Darüber hinaus sind viele Staustufen und Wasserkraftwerke in Hessen zwar mit Aufstiegsvorrichtungen ausgestattet. Doch fehlen beinahe flächendeckend optimale Abstiegsanlagen. Beispielsweise lassen sich Blankaale auf ihrer Reise von der Hauptströmung treiben. Und diese führt die Tiere logischerweise in Richtung der Turbinen, erklärt Löber. Den Tod fänden viele Aale dann oft bereits an den eigentlich zu ihrem Schutz aufgebauten, letztlich aber ungeeigneten Rechen vor den Kraftanlagen und andere schließlich in den Turbinen selbst. Die Genehmigungsbehörden und Betreiber stehen in der Pflicht, geeignete Schutzeinrichtungen zu fordern und zu installieren, resümiert die Sozialdemokratin. Sie folgt damit einem Gedanken, den die Tierschutzbeauftragte der Landesregierung schon vor acht Jahren formuliert hatte. Anlagen dürften nur gebaut werden, wenn auch der Fischabstieg gewährleistet werden könne, betonte Dr. Madeleine Martin im Jahr 2008. Das Wasserhaushaltsgesetz ist bisher weniger konkret, spricht lediglich von geeigneten Maßnahmen zum Schutz der Fischpopulation.
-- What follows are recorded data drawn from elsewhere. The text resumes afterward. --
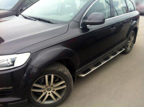 Пороги Side Step на Audi Q7 представляют собой хорошую копию оригинальных порогов Audi. Пороги рассчитаны на полную нагрузку, на них можно свободно вставать как со стороны водителя, так и со стороны пассажира.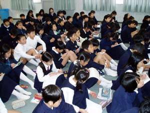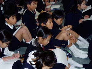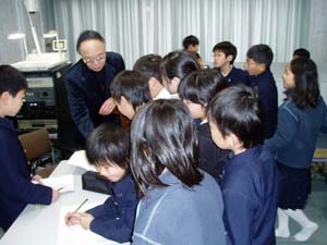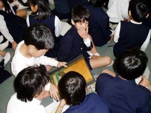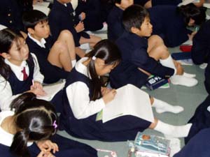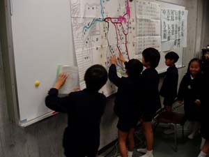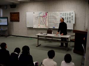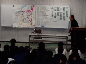 | 熱心に話を聞く子らの様子 | 地図や年表を使って詳しく教えて頂きました。 |
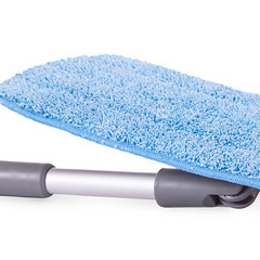NANO SLICED. Особое строение микроволокна позволяет отказаться от вредной бытовой химии и использовать для уборки только воду. Уникальная конструкция изделия распределяет давление на всю платформу. В результате в процессе уборки одинаково эффективно «работает» вся площадь насадки. Шарнир в месте крепления платформы швабры к рукоятке позволяет наклонять швабру под любым углом к полу. Телескопическая ручка выдвигается от 80 до 150 сантиметров, а прямоугольная подвижная платформа позволяет быстро мыть пол, не двигая мебель.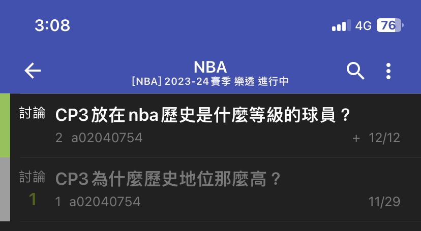 → STRO : 贏CP3。CP3多年一哥,老史幾乎老二 12/12 15:09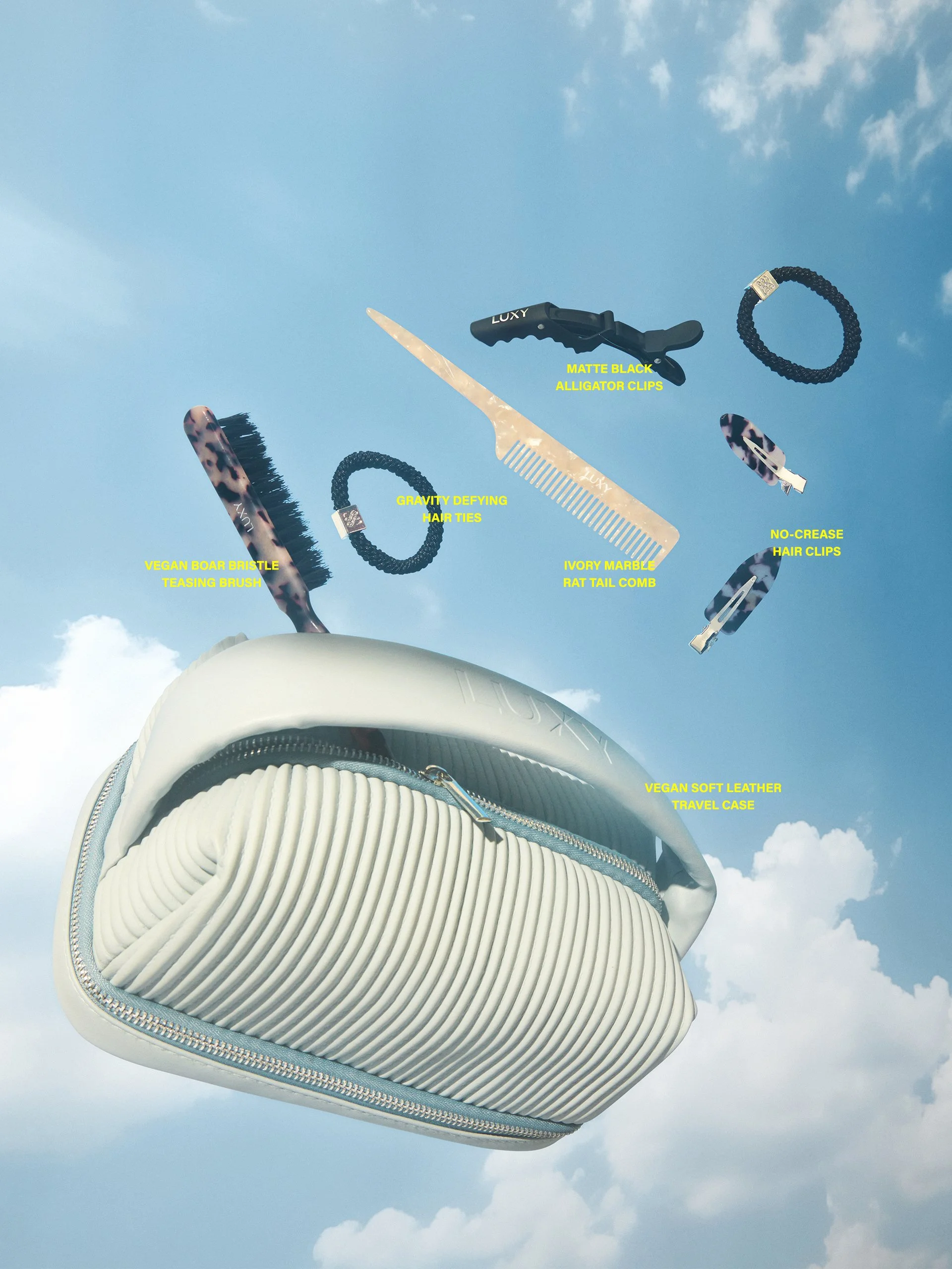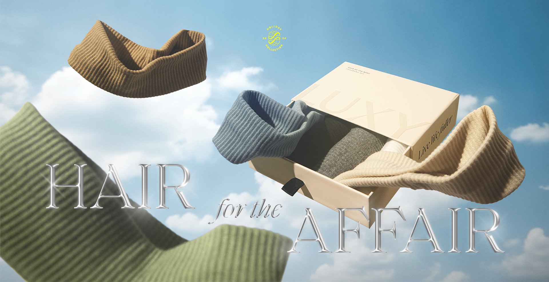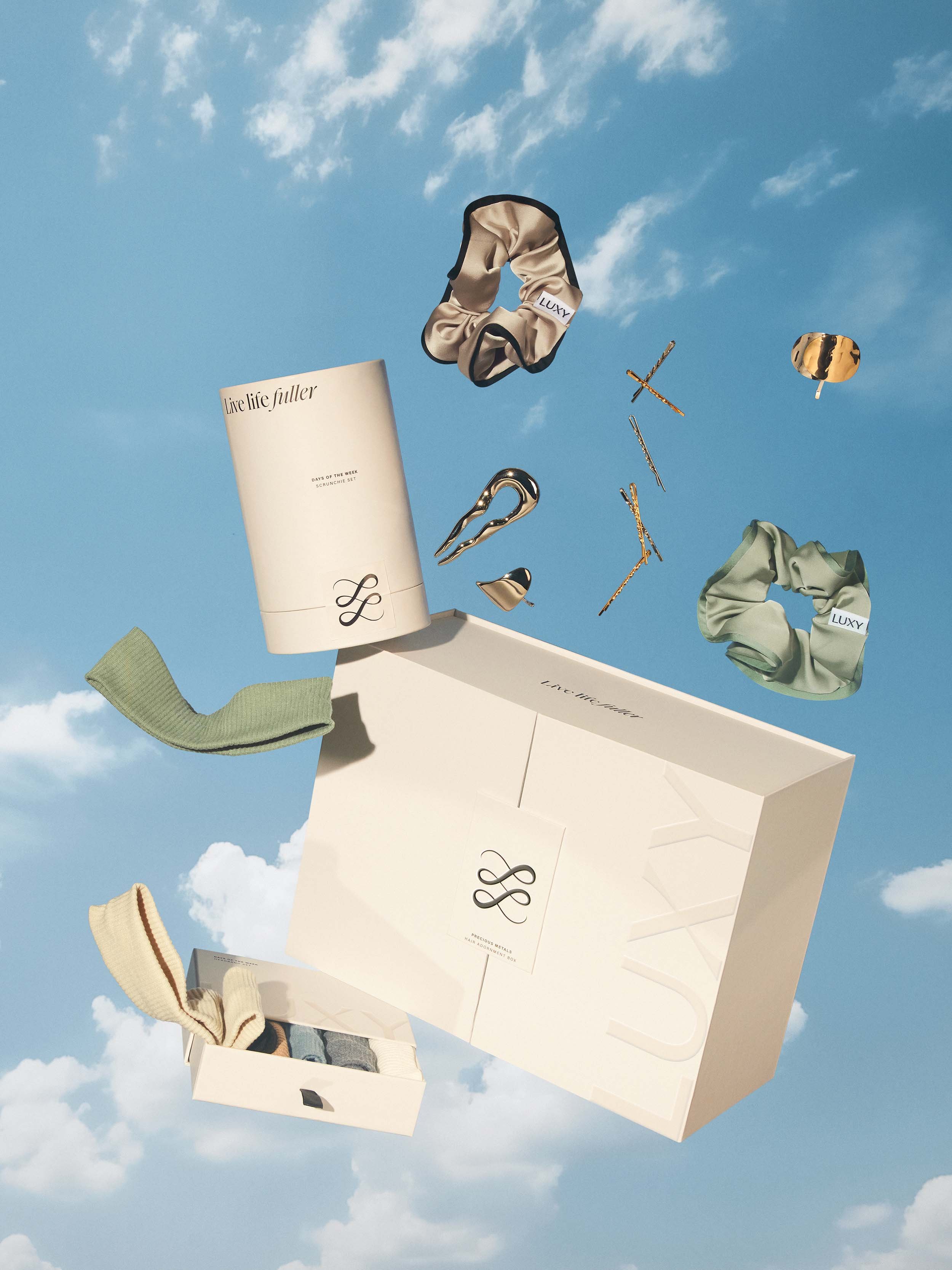 I led the creative direction for Luxy Hair’s holiday collection from concept through execution. An edit of premium hair accessories created as simple yet transformative styling pieces that are a companion to the brand’s iconic hair extensions. Guided by the concept of “Elevate every look, effortlessly”, we positioned the accessories as an easy upsell, with giftable packaging designed to delight. To extend beyond a seasonal launch, the visuals reimagined Luxy’s signature blue cloud backdrop, with products photographed as if floating, playfully evoking lightless and ease to transcend the holiday moment while remaining unmistakably on-brand. Deliverables include full campaign visuals, product/packaging design, and graphic assets across channels.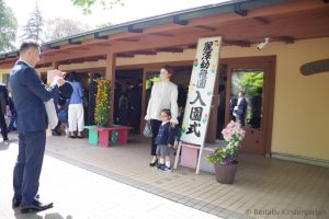 どのお友だちも楽しみに待っていた幼稚園への入園、少し緊張気味でしたが、みんなうれしそうで、ニコニコ顔です。おとうさん、おかあさんに付き添われて元気に登園してきました。おじいちゃん、おばあちゃんの顔も大勢見られました。玄関先で、園長先生をはじめ大勢の先生方に「おめでとう」と迎えられて、園舎に入りました。
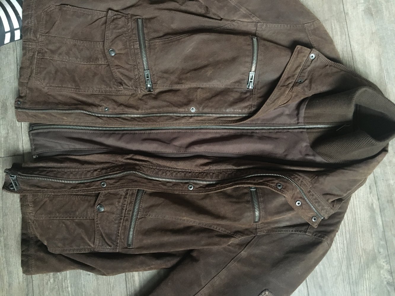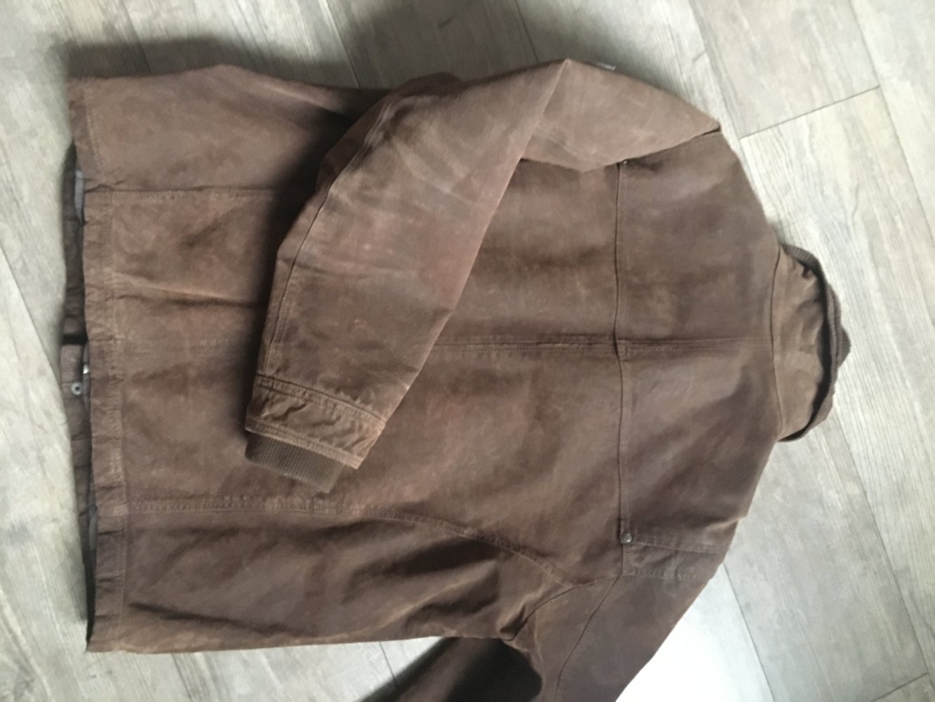 Die Jacke ist aus Wildleder, robust, hat keine Mängel, einen Doppelreissverschlusss und einen Innenkragen.

Die Sozialdemokratin Löber ist zuversichtlich, dass sich in den kommenden Jahren vieles zum Positiven ändern könnte. Es ist an der Zeit, sagt sie. Ein erstes gutes Signal kommt aus der Wasser- und Schifffahrtsverwaltung des Bundes, in der Mittel zur Schaffung von dreieinhalb neuen Stellen eingesetzt werden, die sich auf die Herstellung der Durchgängigkeit konzentrieren sollen. Dagegen bedauert die Landtagsabgeordnete, dass nicht auch das Lahn-Ursprungsland Nordrhein-Westfalen direkter Partner des Projektes ist. Denn: Schließlich ist das gesamte Lahntal zwischen Lahnhof und Lahnstein eine zusammenhängend schützenswerte Lebensader, konstatiert Angelika Löber. Wenn wir einen Teil des Geldes verwenden können, um die Natürlichkeit der Lahn soweit möglich wiederherzustellen und gefährdeten und vertriebenen Arten ihren Lebensraum zurückzugeben, sollten wir das gemeinsam und mit aller Kraft tun, appelliert die Sozialdemokratin abschließend.